WHAT IS REQUIRED: Using the data below, find how many lines include the word "your" and report that figure alone.

----- ENTRIES PROVIDED -----

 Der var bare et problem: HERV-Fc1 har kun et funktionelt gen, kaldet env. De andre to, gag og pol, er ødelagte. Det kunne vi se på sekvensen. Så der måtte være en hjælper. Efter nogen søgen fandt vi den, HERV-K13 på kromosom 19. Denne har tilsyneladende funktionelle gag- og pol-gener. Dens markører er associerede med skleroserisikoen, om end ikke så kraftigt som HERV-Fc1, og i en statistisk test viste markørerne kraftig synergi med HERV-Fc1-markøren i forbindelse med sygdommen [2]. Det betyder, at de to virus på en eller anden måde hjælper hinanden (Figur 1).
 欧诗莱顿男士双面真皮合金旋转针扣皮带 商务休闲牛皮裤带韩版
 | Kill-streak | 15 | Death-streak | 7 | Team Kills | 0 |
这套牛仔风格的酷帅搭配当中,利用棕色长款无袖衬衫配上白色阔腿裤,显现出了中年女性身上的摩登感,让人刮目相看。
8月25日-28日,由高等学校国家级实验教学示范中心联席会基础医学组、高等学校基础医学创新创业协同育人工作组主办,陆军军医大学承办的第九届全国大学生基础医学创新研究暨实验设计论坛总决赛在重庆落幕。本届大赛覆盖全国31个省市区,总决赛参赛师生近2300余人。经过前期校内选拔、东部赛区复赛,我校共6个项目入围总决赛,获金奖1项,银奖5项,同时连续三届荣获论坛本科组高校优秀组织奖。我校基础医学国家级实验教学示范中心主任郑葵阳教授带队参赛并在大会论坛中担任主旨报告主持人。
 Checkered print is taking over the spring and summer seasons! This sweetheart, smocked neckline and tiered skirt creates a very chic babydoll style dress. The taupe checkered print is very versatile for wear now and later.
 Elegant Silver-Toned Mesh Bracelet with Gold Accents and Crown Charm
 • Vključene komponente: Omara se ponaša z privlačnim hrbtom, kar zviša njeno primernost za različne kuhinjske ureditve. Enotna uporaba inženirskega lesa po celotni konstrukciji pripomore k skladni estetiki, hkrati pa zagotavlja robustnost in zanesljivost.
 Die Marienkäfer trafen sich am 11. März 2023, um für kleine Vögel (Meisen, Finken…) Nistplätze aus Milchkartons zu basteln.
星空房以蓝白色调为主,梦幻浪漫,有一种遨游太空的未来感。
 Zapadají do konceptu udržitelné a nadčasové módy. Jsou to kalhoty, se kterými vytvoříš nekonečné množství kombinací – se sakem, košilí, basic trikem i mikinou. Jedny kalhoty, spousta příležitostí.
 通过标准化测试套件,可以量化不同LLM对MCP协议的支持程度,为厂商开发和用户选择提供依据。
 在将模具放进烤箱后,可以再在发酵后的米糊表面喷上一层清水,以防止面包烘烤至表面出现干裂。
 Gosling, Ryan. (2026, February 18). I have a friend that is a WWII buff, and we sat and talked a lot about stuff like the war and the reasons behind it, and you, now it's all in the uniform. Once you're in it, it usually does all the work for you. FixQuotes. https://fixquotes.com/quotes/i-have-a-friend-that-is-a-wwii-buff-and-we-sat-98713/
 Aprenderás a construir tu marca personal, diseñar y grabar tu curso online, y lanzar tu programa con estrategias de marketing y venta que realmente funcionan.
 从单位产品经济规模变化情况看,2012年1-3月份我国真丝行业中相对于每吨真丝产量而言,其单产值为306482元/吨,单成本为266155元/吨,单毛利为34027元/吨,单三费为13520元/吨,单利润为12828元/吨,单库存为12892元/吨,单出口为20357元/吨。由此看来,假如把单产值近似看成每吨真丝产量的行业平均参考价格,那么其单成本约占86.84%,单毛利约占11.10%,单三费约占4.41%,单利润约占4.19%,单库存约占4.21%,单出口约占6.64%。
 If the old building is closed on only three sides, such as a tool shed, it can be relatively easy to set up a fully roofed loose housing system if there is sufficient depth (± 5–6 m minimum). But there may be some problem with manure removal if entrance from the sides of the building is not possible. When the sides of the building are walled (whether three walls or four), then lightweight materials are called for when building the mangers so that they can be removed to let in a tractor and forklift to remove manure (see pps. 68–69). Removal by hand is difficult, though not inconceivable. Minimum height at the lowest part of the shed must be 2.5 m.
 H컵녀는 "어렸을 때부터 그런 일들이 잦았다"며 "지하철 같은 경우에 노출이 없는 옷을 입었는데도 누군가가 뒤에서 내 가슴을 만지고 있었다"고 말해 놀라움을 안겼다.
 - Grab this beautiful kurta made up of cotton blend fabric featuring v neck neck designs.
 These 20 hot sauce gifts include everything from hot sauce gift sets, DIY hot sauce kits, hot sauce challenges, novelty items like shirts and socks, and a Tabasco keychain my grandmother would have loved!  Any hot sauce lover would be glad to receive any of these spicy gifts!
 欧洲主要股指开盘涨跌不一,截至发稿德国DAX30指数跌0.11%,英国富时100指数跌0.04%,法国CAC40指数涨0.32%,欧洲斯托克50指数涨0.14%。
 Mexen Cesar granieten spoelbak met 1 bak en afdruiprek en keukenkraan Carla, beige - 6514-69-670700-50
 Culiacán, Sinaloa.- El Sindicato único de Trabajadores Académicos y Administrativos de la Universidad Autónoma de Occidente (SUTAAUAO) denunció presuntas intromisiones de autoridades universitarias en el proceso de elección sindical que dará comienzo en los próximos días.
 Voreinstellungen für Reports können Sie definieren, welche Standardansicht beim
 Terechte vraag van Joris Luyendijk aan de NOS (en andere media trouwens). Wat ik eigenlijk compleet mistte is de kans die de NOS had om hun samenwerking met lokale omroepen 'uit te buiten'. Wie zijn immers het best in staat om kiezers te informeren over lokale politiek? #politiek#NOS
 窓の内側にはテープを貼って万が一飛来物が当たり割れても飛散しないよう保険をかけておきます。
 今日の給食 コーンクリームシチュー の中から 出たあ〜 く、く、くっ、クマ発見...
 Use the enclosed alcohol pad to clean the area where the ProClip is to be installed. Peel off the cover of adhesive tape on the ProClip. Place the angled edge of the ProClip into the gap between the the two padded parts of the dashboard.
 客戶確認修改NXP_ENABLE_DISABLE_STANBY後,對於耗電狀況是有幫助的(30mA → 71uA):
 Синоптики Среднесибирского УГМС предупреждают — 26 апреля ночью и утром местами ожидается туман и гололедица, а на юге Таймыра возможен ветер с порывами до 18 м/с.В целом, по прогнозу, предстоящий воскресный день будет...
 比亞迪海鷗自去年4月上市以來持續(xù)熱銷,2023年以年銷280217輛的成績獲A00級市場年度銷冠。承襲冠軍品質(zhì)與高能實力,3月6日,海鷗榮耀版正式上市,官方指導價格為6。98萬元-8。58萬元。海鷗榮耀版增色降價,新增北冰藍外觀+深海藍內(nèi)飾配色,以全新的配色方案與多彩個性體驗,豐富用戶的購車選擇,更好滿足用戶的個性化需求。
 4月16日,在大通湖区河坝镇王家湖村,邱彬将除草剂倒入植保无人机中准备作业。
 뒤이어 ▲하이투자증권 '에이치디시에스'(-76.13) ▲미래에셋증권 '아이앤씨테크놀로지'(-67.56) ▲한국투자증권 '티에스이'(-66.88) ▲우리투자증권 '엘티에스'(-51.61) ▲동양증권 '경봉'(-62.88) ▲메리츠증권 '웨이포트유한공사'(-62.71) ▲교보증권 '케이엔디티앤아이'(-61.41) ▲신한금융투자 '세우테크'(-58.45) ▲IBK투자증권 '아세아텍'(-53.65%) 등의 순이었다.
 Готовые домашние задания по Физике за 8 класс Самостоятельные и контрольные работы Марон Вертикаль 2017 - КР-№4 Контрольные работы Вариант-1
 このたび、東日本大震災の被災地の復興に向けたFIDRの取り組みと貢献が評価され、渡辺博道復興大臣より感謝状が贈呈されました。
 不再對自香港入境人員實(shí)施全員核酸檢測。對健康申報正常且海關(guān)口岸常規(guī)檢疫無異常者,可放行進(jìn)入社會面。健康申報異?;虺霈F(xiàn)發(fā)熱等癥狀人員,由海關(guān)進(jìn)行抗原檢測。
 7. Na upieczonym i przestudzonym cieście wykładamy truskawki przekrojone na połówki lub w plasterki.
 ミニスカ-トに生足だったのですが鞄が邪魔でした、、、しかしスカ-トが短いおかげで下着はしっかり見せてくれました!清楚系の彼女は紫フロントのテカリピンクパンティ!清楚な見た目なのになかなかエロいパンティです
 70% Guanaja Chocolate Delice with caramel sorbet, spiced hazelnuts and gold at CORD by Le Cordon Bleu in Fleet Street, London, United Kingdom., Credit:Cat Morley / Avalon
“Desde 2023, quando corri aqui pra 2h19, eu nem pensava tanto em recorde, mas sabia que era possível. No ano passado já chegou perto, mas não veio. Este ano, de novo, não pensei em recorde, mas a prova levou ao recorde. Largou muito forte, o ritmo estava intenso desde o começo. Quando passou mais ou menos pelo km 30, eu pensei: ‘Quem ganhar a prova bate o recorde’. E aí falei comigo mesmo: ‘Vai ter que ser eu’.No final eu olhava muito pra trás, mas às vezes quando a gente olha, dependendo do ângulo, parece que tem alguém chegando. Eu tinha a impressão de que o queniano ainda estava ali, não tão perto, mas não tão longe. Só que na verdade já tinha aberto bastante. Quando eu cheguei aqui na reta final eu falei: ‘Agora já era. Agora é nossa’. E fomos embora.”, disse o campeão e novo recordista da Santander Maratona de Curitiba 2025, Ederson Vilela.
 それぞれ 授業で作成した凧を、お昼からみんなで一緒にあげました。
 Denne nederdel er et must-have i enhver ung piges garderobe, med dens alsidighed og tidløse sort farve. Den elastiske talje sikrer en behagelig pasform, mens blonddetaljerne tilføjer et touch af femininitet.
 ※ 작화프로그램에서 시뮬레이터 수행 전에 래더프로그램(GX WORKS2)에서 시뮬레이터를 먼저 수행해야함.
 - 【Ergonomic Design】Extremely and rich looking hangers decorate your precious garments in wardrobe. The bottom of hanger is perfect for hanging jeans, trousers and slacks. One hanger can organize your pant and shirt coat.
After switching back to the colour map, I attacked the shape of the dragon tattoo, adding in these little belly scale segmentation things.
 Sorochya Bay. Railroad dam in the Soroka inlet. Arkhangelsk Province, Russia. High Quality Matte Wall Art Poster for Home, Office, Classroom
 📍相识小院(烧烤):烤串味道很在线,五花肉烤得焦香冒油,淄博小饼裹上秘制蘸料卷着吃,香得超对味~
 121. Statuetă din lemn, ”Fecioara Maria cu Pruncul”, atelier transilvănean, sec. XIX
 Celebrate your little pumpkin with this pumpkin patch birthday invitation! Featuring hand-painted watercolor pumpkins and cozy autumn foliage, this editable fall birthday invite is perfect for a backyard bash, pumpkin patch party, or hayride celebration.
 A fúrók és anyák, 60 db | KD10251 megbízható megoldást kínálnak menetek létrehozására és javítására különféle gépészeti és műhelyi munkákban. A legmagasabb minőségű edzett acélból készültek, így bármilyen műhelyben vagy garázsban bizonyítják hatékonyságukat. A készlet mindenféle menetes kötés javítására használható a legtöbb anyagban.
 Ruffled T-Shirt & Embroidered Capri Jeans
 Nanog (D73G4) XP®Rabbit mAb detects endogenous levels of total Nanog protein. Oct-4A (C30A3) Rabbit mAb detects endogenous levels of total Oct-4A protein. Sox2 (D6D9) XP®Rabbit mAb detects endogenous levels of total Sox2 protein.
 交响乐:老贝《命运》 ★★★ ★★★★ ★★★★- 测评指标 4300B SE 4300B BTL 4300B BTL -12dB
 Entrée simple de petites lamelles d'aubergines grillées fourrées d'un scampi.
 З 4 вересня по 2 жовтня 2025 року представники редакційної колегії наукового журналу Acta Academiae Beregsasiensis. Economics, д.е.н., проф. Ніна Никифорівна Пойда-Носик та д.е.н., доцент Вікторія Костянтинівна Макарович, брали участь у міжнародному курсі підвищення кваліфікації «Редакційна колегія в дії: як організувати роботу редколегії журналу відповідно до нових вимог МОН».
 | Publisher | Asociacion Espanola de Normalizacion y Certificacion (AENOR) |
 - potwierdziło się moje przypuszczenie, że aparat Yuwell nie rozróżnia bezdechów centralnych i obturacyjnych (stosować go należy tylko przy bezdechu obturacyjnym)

-----

SOLUTION TO THIS PROBLEM: 2